Q1 interest expense is expected in the $85 million range. Full year 2026 cash taxes are expected to be approximately $315 million-$325 million range, an increase versus 2025 of $208 million due to an expected improved income, primarily a result of the election year. For cash taxes, we use a 26% tax rate when calculating our estimated tax before one-time and other adjustments. The first quarter includes only a very small amount of state income tax in the $2.6 million range. As a reminder, we will use the annualization method for tax, meaning tax related to the fourth quarter of 2026 will be largely deferred to 2027.

In 2026, payments for programming are expected to be in excess of amortization by $25 million-$30 million, due primarily to an investment in programming for future years, with approximately $1 million of that in the first quarter. Turning to capital allocation in our balance sheet. Together with cash from operations generated in the quarter and cash on hand, we returned $56 million to shareholders, comprised entirely of dividends, as we are conserving cash for our acquisition of TEGNA. For the year, we returned $351 million or 42% of our adjusted free cash flow to shareholders in the form of $226 million of dividends and $125 million of share repurchases, reducing our year-end shares outstanding by 1% to 30.3 million.

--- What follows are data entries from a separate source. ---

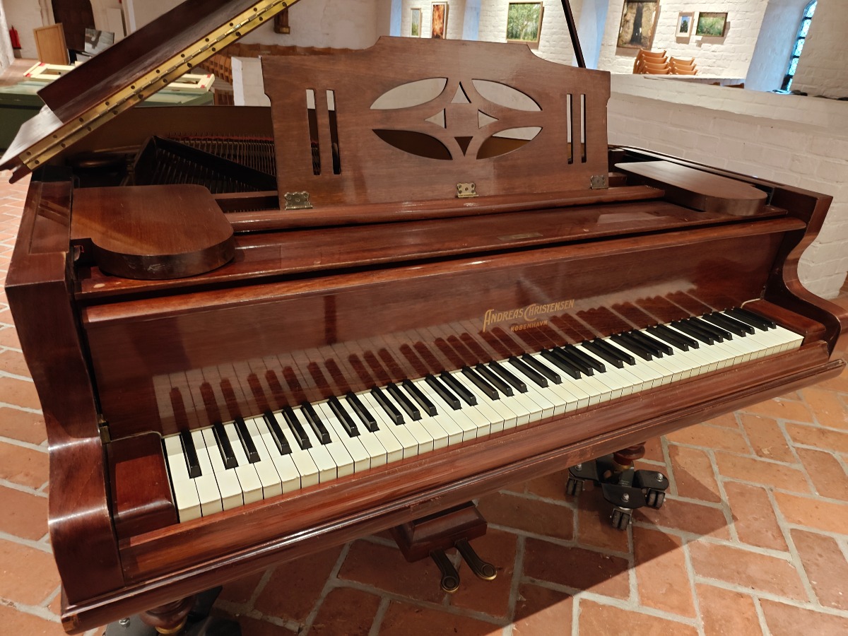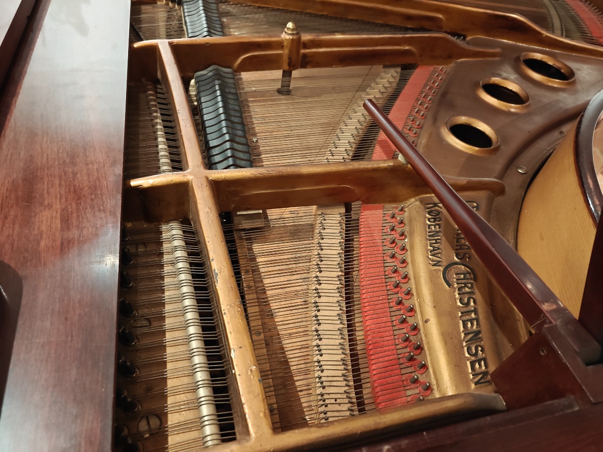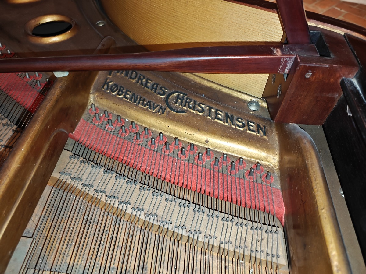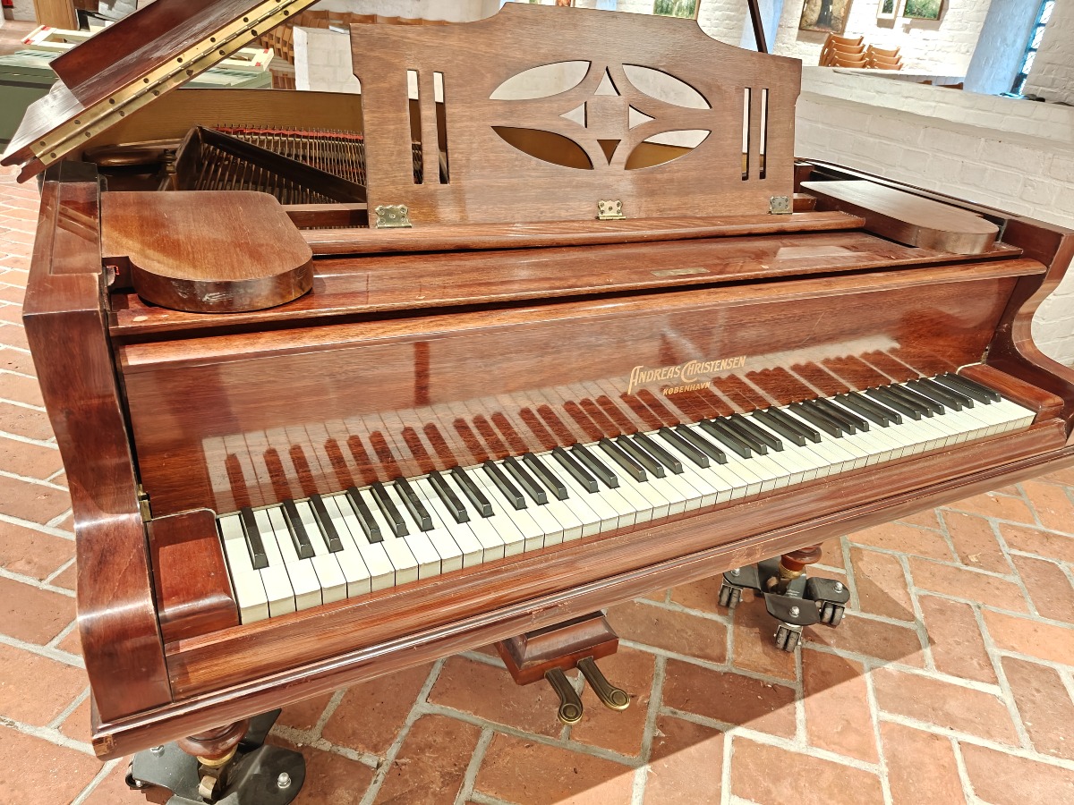 Brunt flygel.af Andreas Christensen, København. Fuld funktionsdygtig og smuk klang. Med nr 1013 stemplet i. Den er flot i lakken og har brugsspor. Har en revne i bundstykket. Smukt og elegant flygel til det private og til institutionen. Brugt. Står på 1. sal med trapper. Benene kan afmonteres og den kan flyttes af flere stærke personer.
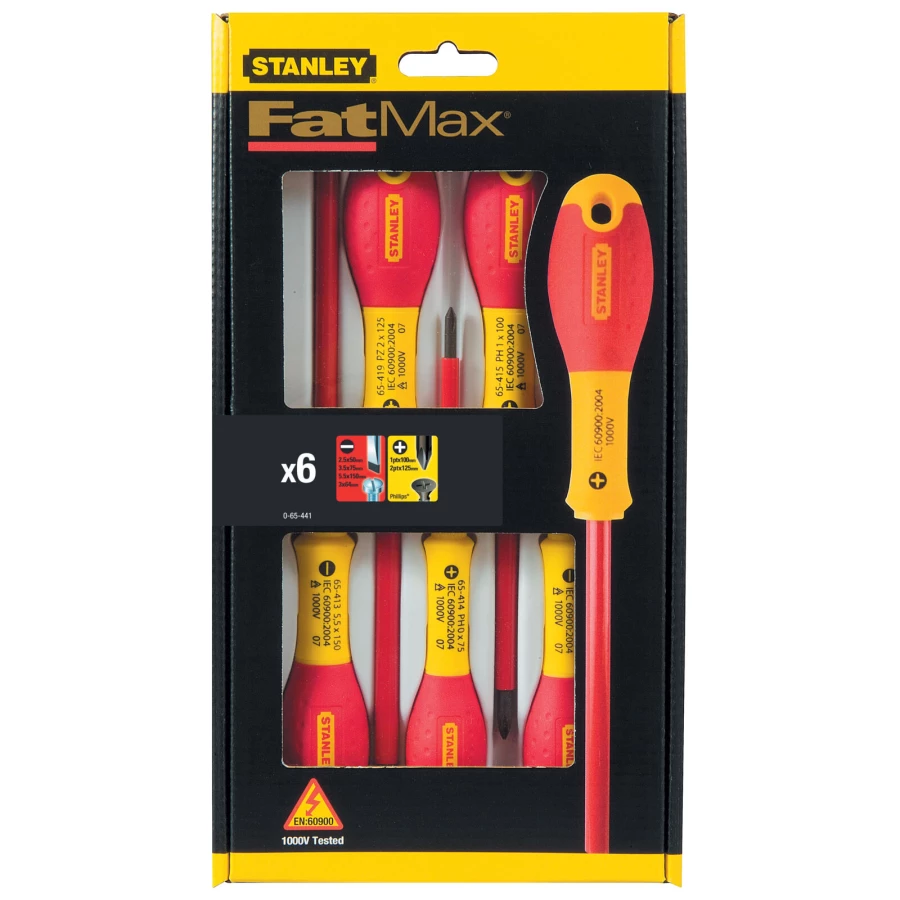 - 654410 – zestaw 6 szt. wkrętaków dla elektryków (EN60900): Pł równ., 5 x 50 mm; 3.5 x 75 mm; 5.5 x 150 mm; Phillips Ph 1 x 100 mm; Ph 2 x 125 mm; Tester napięcia
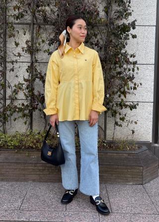 ウエストマークのペプラム切替が女性らしさ引き立つシャツブラウス。
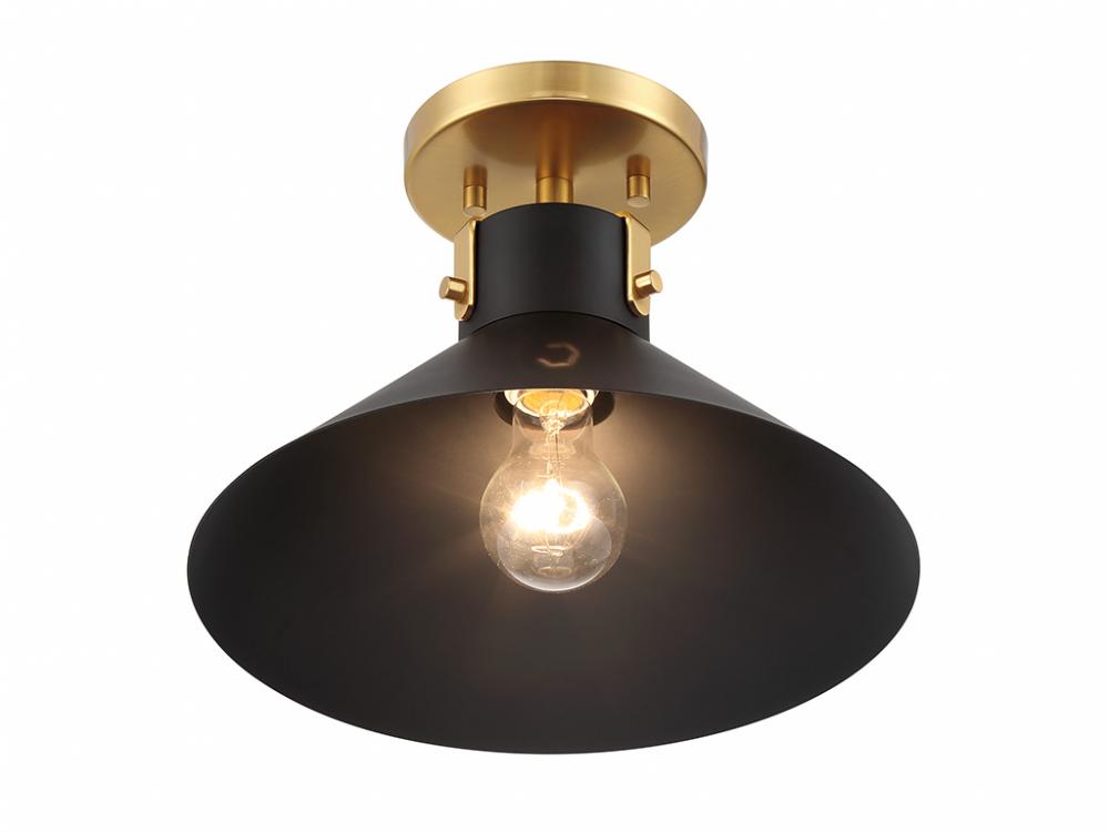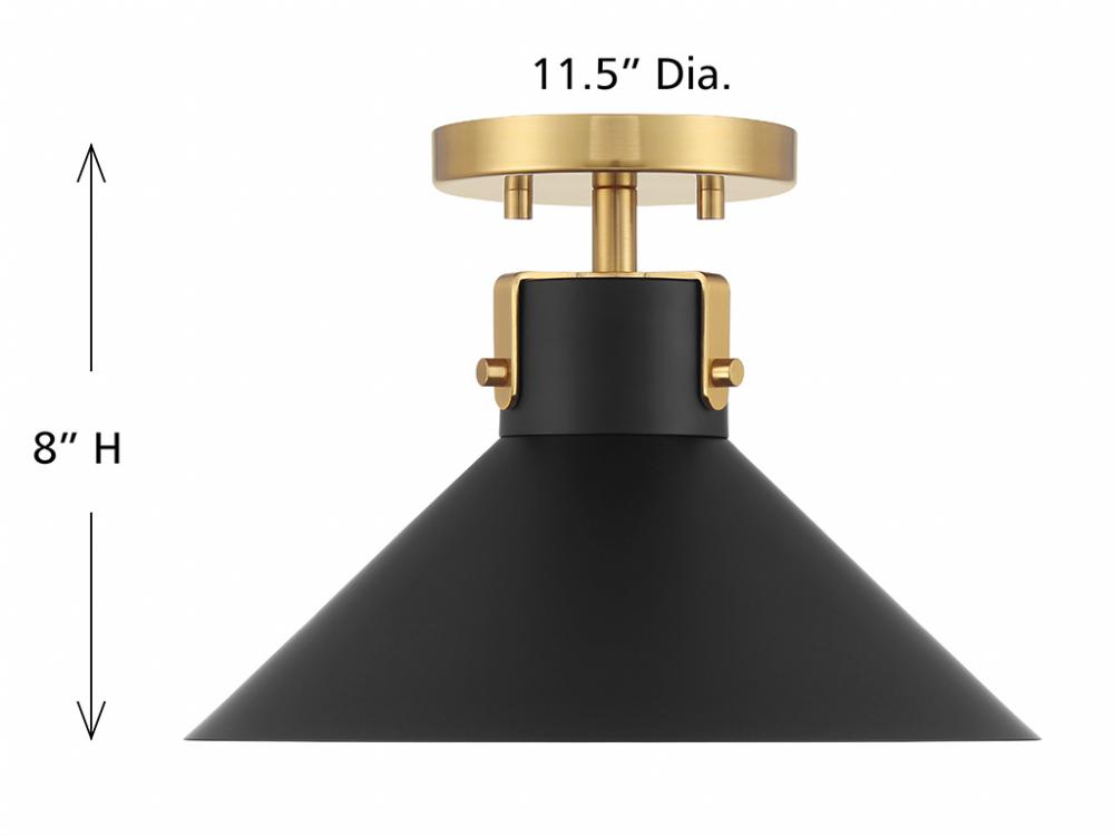 This 1-light ceiling semi-flush mount offers up big style in a small package. Brightening up any room, even cozier spaces like closets and laundry rooms, is a snap with this crisp combination of a metal shade finished in Matte Black and hardware finished in Natural Brass. The opaque shade will concentrate and direct the light. This fixture is 8" in height and 11.5" in width. It uses 1 standard size bulb of up to 60 watts. Bulb not included.
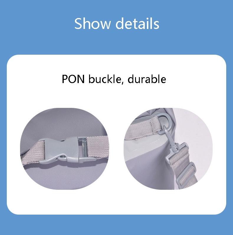 This waterproof beach bag is designed for outdoor activities, providing a durable and waterproof storage solution for seaside, swimming, and rafting adventures. Made from high-quality PVC waterproof fabric, it features a breathable net cloth design and comes in two capacities to suit different needs. The bag is equipped with a sturdy PON buckle, a 360-degree rotating hook, and a thickened roll mouth webbing for secure closure, ensuring reliable performance during outdoor use.

Nexstar's outstanding debt at December 31st, 2025, was $6.3 billion, a reduction of $26 million for the quarter as we made quarterly amortization payments. Our cash balance at quarter end was $280 million, including $13 million of cash related to The CW. Because we designated The CW as an unrestricted subsidiary, the losses associated with The CW are not accounted for in our calculation of leverage for purposes of our credit agreement. As such, our first lien covenant ratio for Nexstar as of December 31st, 2025, for the last eight quarters annualized was 1.71x, which is well below our first lien and only covenant of 4.25x. Our total net leverage for Nexstar was 3.09x at quarter end.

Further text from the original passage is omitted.